Appointments with the orchestras of Wrocław, Katowice and Kraków led to the conductorship of the Warsaw National Philharmonic Orchestra (1956–9). He made his American debut in 1958, at the invitation of George Szell, conducting the Cleveland Orchestra. This led to engagements with the New York Philharmonic and, in 1960, to his appointment in Minneapolis. It was a turning point in Skrowaczewski’s career.
He and his wife, Krystyna, made their home in Minnesota and he held the directorship of the Minneapolis SO for 19 years. When that tenure ended in 1979, he returned every year as conductor laureate. During his half-century relationship with the orchestra, he helped it to expand from a part-time ensemble into an internationally recognised year-round orchestra, lobbying hard for the acoustically outstanding new concert hall, eventually opened in 1974.
When, in 2012, the musicians of the orchestra entered into dispute with management over salaries and contractual conditions, leading to a 15-month lockout, Skrowaczewski demonstrated his support of the players by conducting them in an independently organised concert at the Minneapolis Convention Center.
During his time with the Hallé, in addition to Bruckner he recorded Brahms and Shostakovich with them. He also conducted leading orchestras elsewhere in Europe and the US in a repertoire that included his compatriots Witold Lutosławski and Krzysztof Penderecki, and made occasional appearances at opera houses including the Metropolitan, New York, and the Vienna Staatsoper.
Of his more than 70 compositions, the Concerto for Orchestra, recorded in 1985, is notable for the title of the second movement: Anton Bruckner’s Journey to Heaven. During the last year of his life he was composing a requiem for orchestra and chorus.

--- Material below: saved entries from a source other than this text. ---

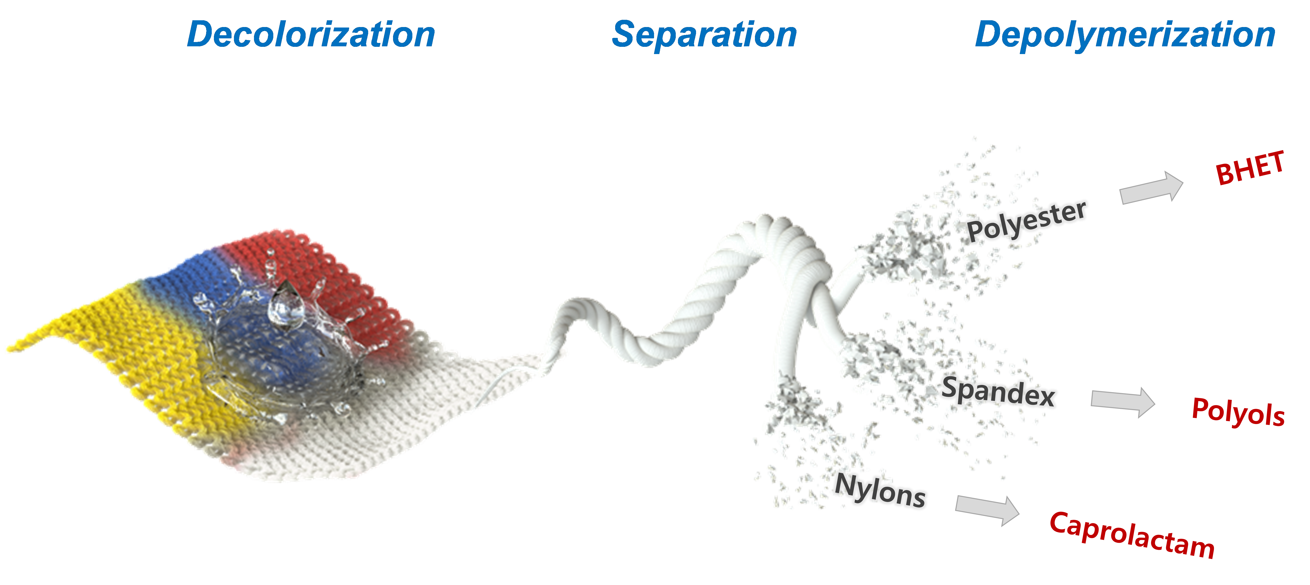 장장 5개월여에 걸친 선별 작업을 통해 최종 선정된 화학연의 3대 국가연구개발우수성과는 ▲폐섬유 화학적 재활용 기술 ▲수전해 및 연료전지 성능향상을 위한 구조 정밀 제어형 고분자 전해질 제조 기술 ▲폐 불소수지 상압 연속식 열분해 단량체 제조 공정 기술입니다. 모두 탄소중립 실현에 없어서는 안 될 핵심기술들이지요.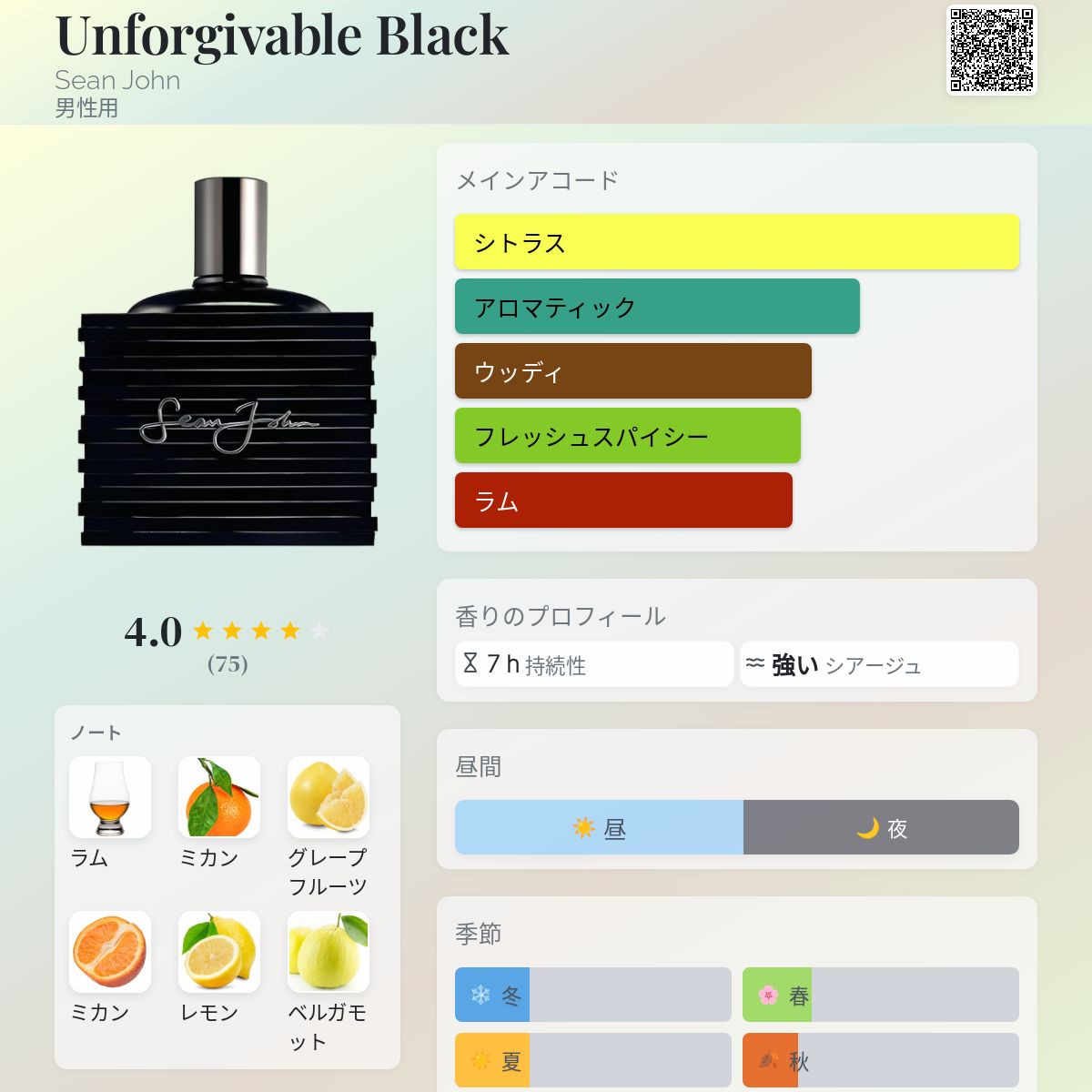 香水評価 4.00 / 5 投票数: 75 票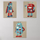 Ajoutez une touche de science-fiction classique à n'importe quel mur avec cet ensemble de 3 affiches présentant de jolies illustrations rétro de robots. Les illustrations dans les tons rouge et bleu sont posées sur un arrière - plan de couleur bronzée.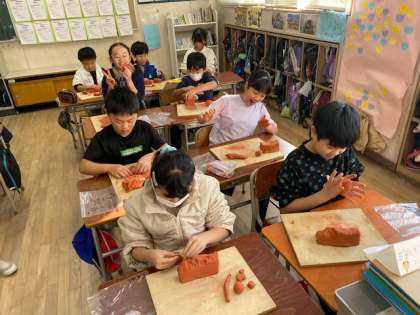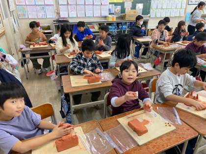 茶褐色の粘土をこねながら、自分の手の色をみて「ゾンビやー」と言っていました。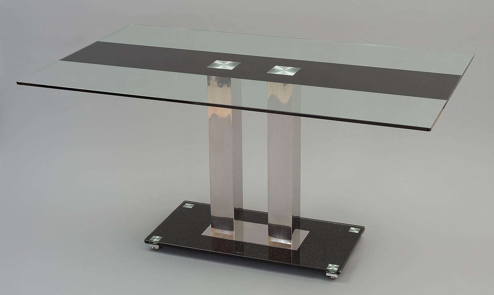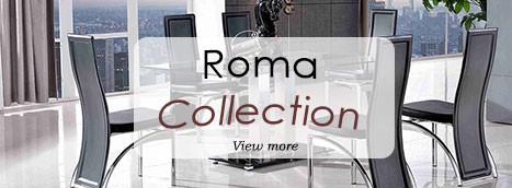 The Roma features a stylish black centre table top black glass base. The glass on both the table top and base is finished with a bevelled edge and subtly rounded corners for safety. The table will seat up to 6 people.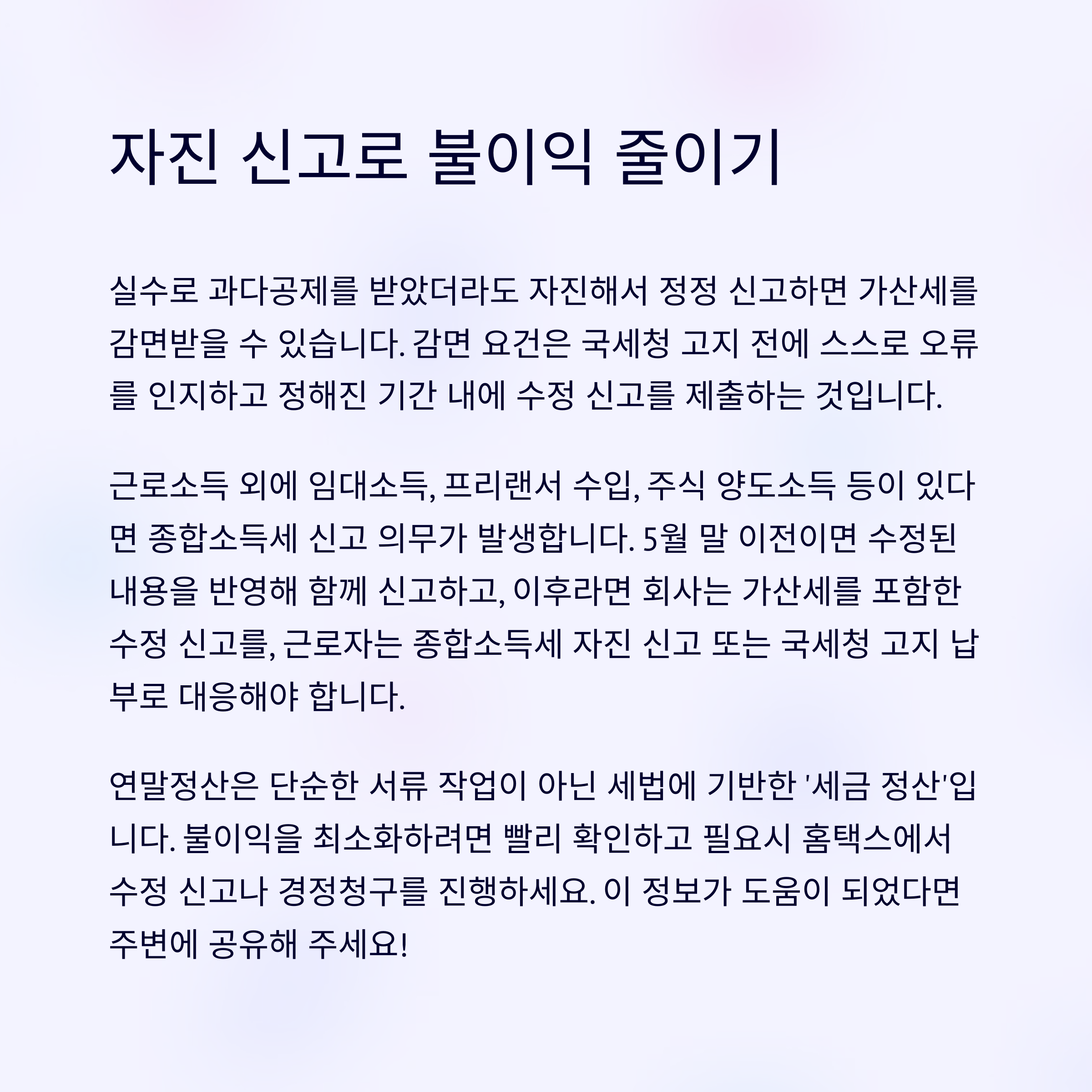 불이익을 줄이려면 빨리 확인하고, 필요한 경우 홈택스에서 수정 신고 또는 경정청구를 진행해야 합니다.
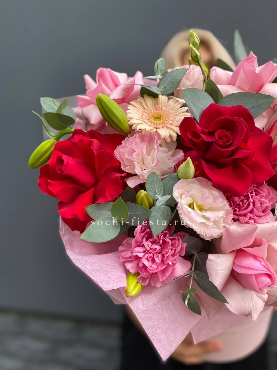 розы, протея, диантус, гербера, эустома, лилия, бокс 20.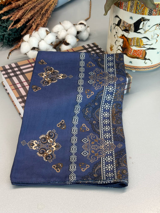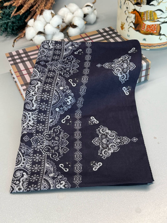 Kupa Desenli Pamuk İpek Şal - 797730 - Lacivert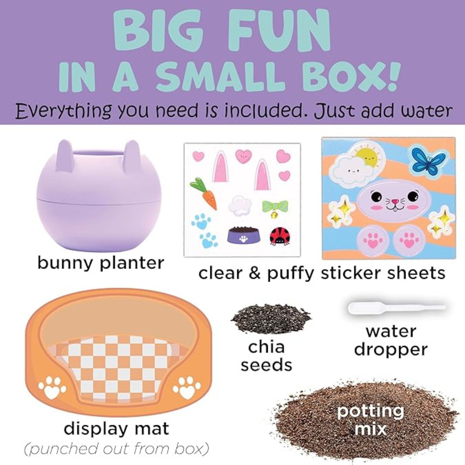 Create your own Bunny Garden and bring your plant pet to life with this delightful craft kit. Personalise your kawaii-inspired bunny planter with cute sticker faces, floppy ears, tails, and fun 3D accessories, then plant the chia seeds and watch them sprout in just a few days. Perfect for kids aged 6 to 8, this all-in-one activity combines creativity, gardening, and imaginative play, making it one of the most charming craft toys for girls who love animals and art. The kit includes chia seeds that sprout quickly and a nutrient-rich potting mix, making indoor gardening easy while encouraging confidence, responsibility, and a love of nature.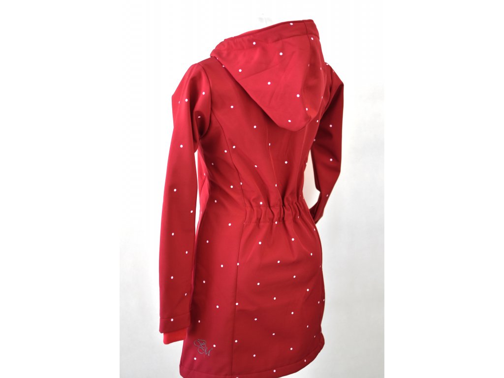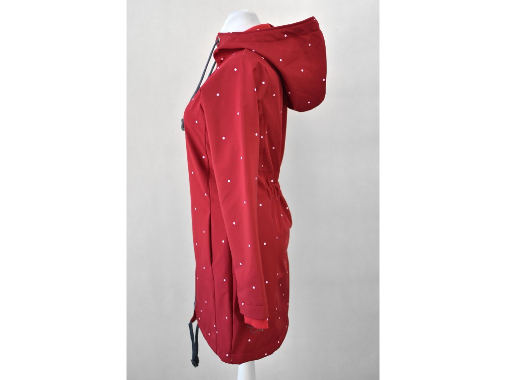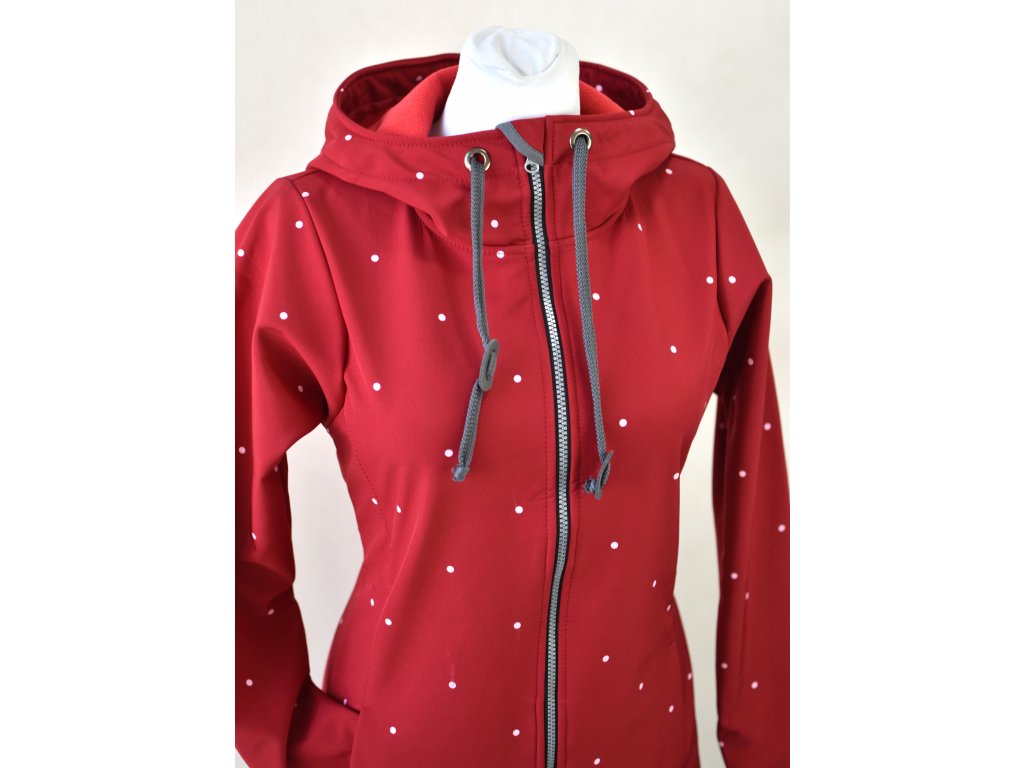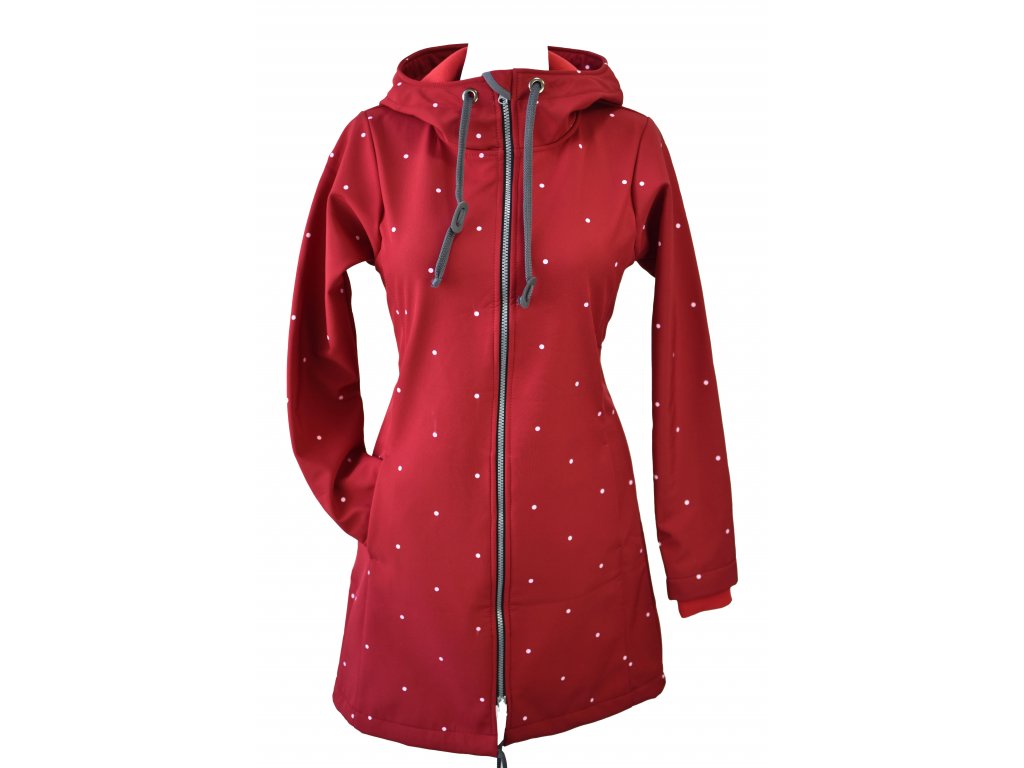 Dámský kabátek rovnějšího prodlouženého střihu s projmutým pasem, který hlavně tvaruje napevno všitá guma na zádech ve středu zadního dílu. Záda jsou nepatrně delší než přední část, spodek zadního dílu se lehce rozšiřuje a dolní lem je dokulata. Ve členícím švu v oblasti boků jsou dvě všité kapsy - kapsový váček a kapsový průhmat je částečně ze softshellu a částečně z bavlněného úpletu, největší kapsy, co jsme doposud u kabátků měli... :)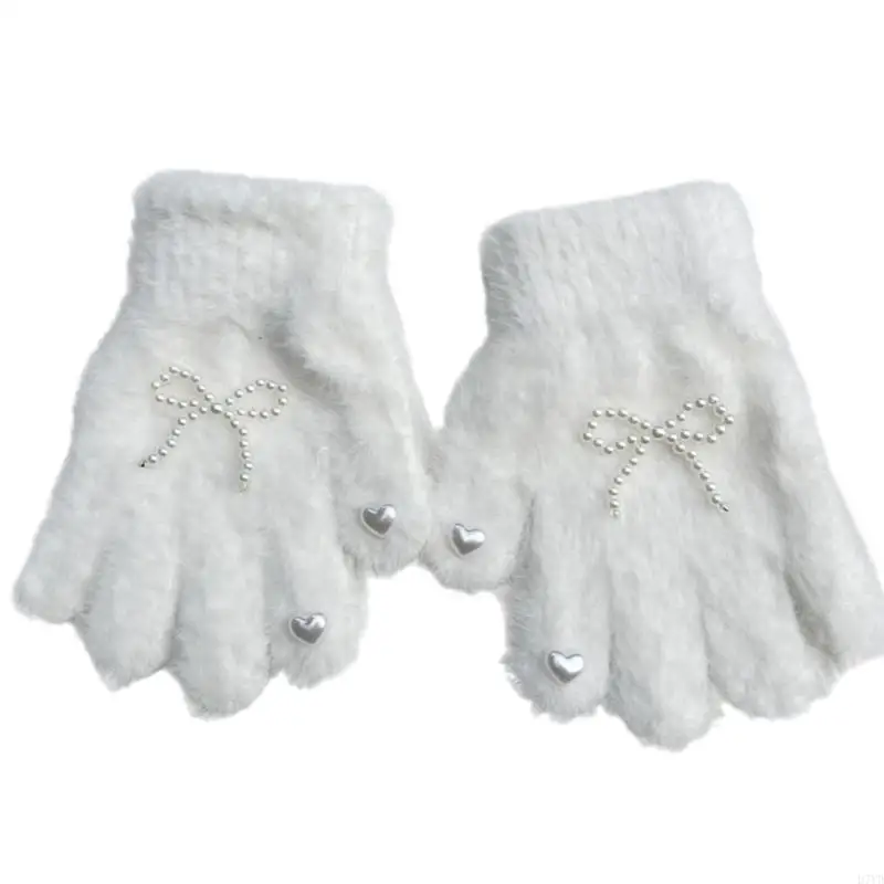D7YD Girls Guantes punto con perlas y diseño Bownot para edades 3-8T Soft y cálido Faux Mink Mink Fleece Finger Mittens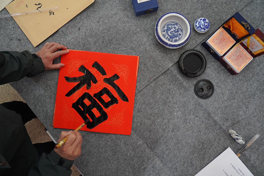 “笔墨飘香送新春”活动现场写成的“福”字。邵以南 摄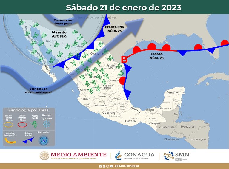 La Coordinación Estatal de Protección Civil (CEPC), indicó que, para este viernes 20 de enero, el ingreso del frente frio número 26 provocará un descenso marcado en las temperaturas en gran parte del estado, además de la posibilidad de presencia de nieve, aguanieve durante el inicio de semana y fuertes rachas de viento.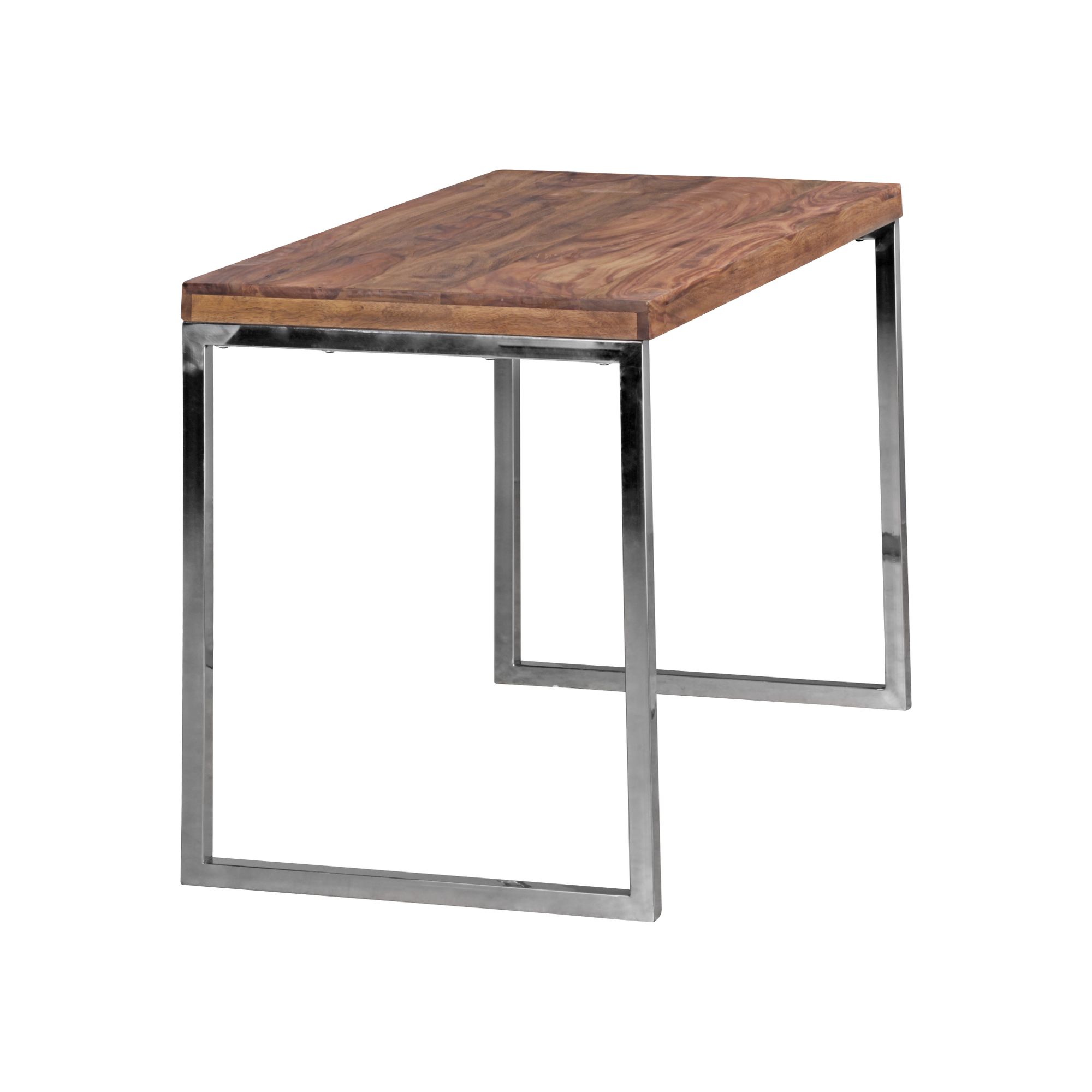 A secretária GUNA em madeira maciça Sheesham combina elegância e robustez para o seu espaço de trabalho. A superfície em madeira natural com acabamento em verniz claro e as pernas metálicas cromadas criam um contraste quente e moderno. Projetada em estilo rústico, oferece uma área confortável e otimizada.

Averse to self-promotion, he had no time for the ego-driven, tyrannical behaviour often associated with his role. Rather, the modesty and courtesy of the man, known to friends and colleagues as Stan, combined with a business-like approach to rehearsal, brought him both respect and affection.
Krystyna died in 2011. He is survived by his sons, Paul and Nicholas, and daughter, Anna.